Dr. Dongbin Xu from the Children’s Hospital of Philadelphia (CHOP) will kindly share with us two independent stories, which cover molecular regulation of apoptosis and mechanism study of Cornelia de Lange Syndrome. As a major approach, animal model system with Drosophila and induced pluripotent stem (iPS) cells will be discussed.

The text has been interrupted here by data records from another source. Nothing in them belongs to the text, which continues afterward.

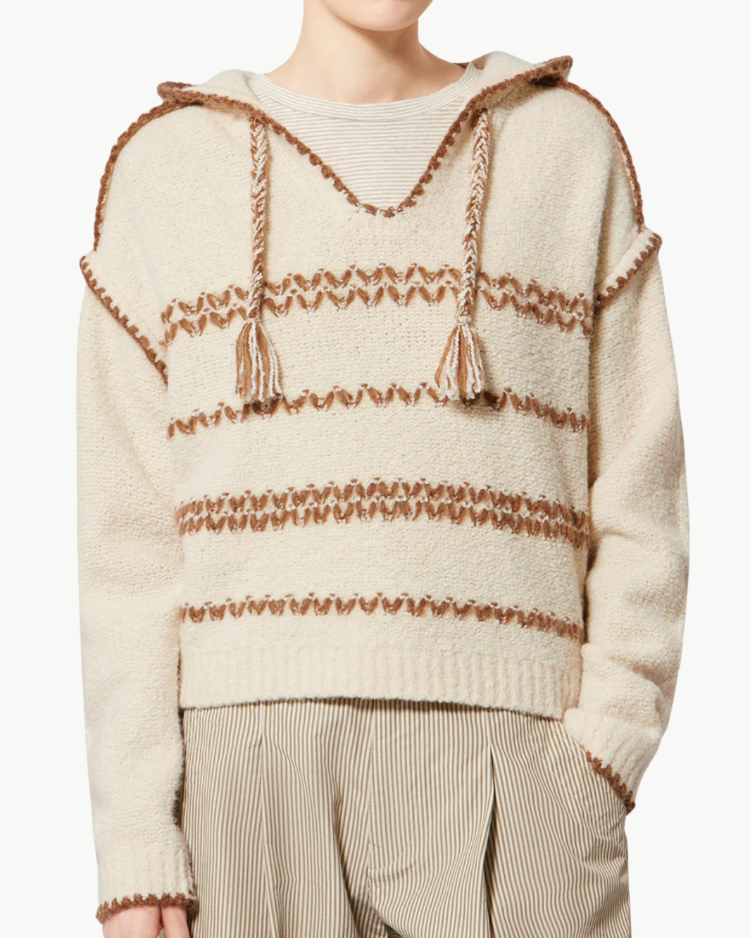 The Romera Sweater blends cozy craftsmanship with an effortless, lived-in feel. Designed in a tweed-style merino wool knit, this hooded silhouette is elevated with subtle contrasting ribbon details that add texture and visual interest. A relaxed fit with dropped armholes gives it an easy drape, while the V-neckline and drawstring hood finished with playful pompoms keep the look casual yet considered. It’s the kind of sweater that feels just as right layered over denim as it does styled for a polished off-duty moment.
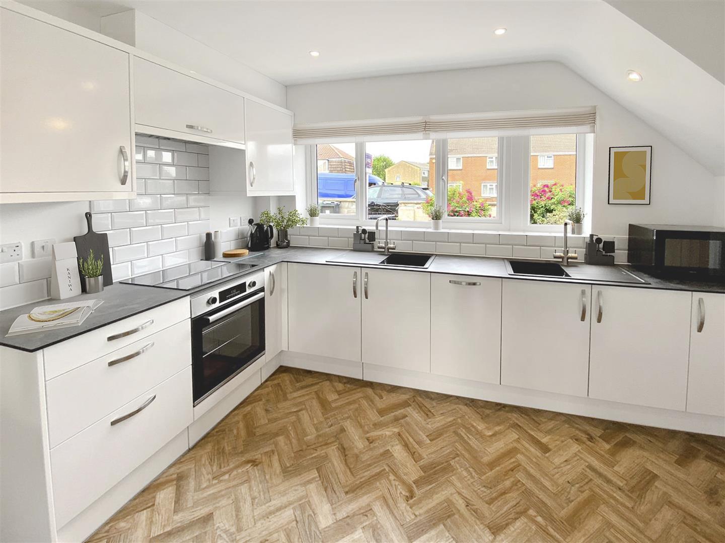 Outside, the low-maintenance garden offers a great outdoor space for all with both a patio area and artificial grass. To the front is a generous driveway providing space for up to three vehicles.
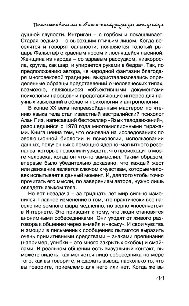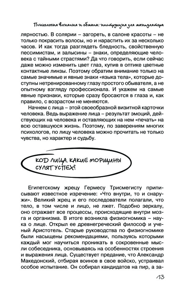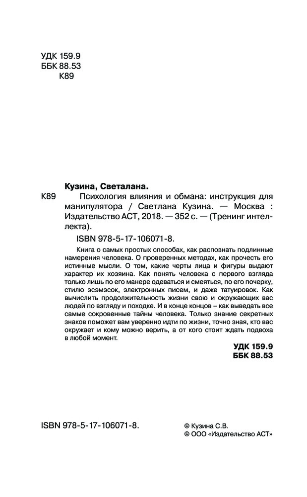 Психология влияния и обмана: инструкция для манипулятораВ данный момент этот товар отсутствует в продаже. Возможно, у нас найдется аналогичный или похожий товар здесь. Серия: Тренинг интеллекта ?Книга о самых простых способах, как распознать подлинные намерения человека. О проверенных методах, как прочесть его истинные мысли. О том, какие черты лица и фигуры выдают характер их хозяина. Как понять человека с первого взгляда только лишь по его манере одеваться и смеяться, по его почерку, стилю эсэмэсок, электронных писем, и даже татуировок. Как вычислить продолжительность жизни свою и окружающих вас людей по взгляду и походке. И в конце концов — как выведать все самые сокровенные тайны человека. Только знание секретных знаков поможет вам уверенно идти по жизни, точно зная, кто вас окружает и кому можно верить, а от кого стоит ждать подвоха в любой момент. |
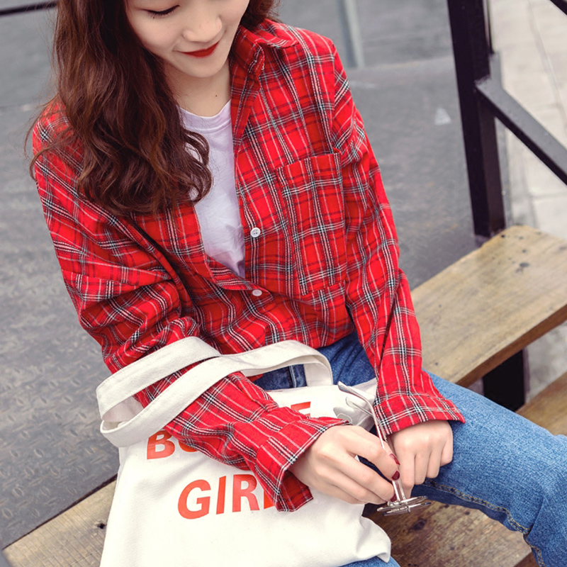 / 春裝新款女襯衫韓版寬松休閑學生長袖格子開衫襯衣上衣外套潮
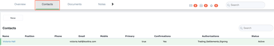 Once selected, go to the Contacts tab in the navigation panel at the top of the page. Choose the contact you want to receive the statements. This will open up the Contact Overview page.
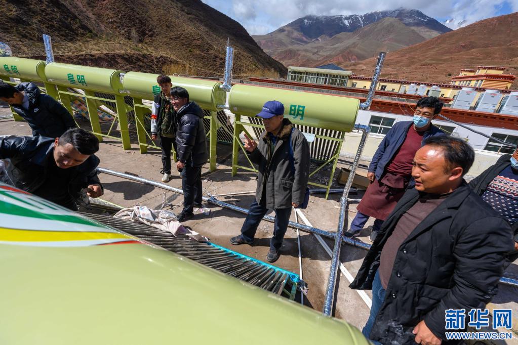 5月3日,在西藏昌都市類烏齊縣吉多鄉(xiāng)小學(xué),李純民(中)在吉多鄉(xiāng)小學(xué)學(xué)生食堂樓頂,監(jiān)督太陽能熱水器的維修工作。2014年至2020年,“齊興”助學(xué)獎勵基金通過多種方式,籌集資金200多萬,為類烏齊縣12所鄉(xiāng)鎮(zhèn)小學(xué)安裝太陽能熱水器和多媒體教學(xué)一體機。新華社記者 劉金海 攝

(1) Identification of Essential Apoptotic Genes in Drosophila melanogaster
Apoptosis is a normal physiological cell suicide process which is essential for tissue homeostasis and normal development of metazoans. Misregulation of apoptosis is associated with many developmental defects and human diseases. The genes involved in the regulation and execution of apoptosis are highly conserved in humans and flies. Caspases are the executioners of cell suicide. Because of the unavailability of specific fly mutants, the developmental function of many caspase genes and genetic relationship between caspases and apoptotic components were undefined in Drosophila. We isolated several mutant alleles of the initiator caspase gene dronc, the effector casase drICE, and the Mediator component Cyclin C from the GMR-hid eyFLP/FRT screens which is designed to isolate mutants of recessive cell death genes in Drosophila melanogaster. Characterization of these mutants defined that they are essential for developmental cell death in Drosophila. dronc is required for most, but not all, cell death in Drosophila. drICE is required for apoptosis in many cells and it shares redundancy with another effector caspase gene, dcp-1, in a subset of cells in Drosophila. The genetic relationship between caspases and other apoptotic components was established through mutant analysis. We also found that Cyclin C and its kinase partner Cdk8 are required for prompt transcriptional induction of dronc in cell killing contexts. This suggests transcriptional activation of the initial caspase in apoptotic responses. In short, we defined the essential pro-apoptoic function of dronc, drICE, and Cyclin C in Drosophila and provided evidences to support a novel mechanism for regulation of dronc transcription. In the long run, these studies will help us decipher the complicated regulatory mechanism of cell death in humans.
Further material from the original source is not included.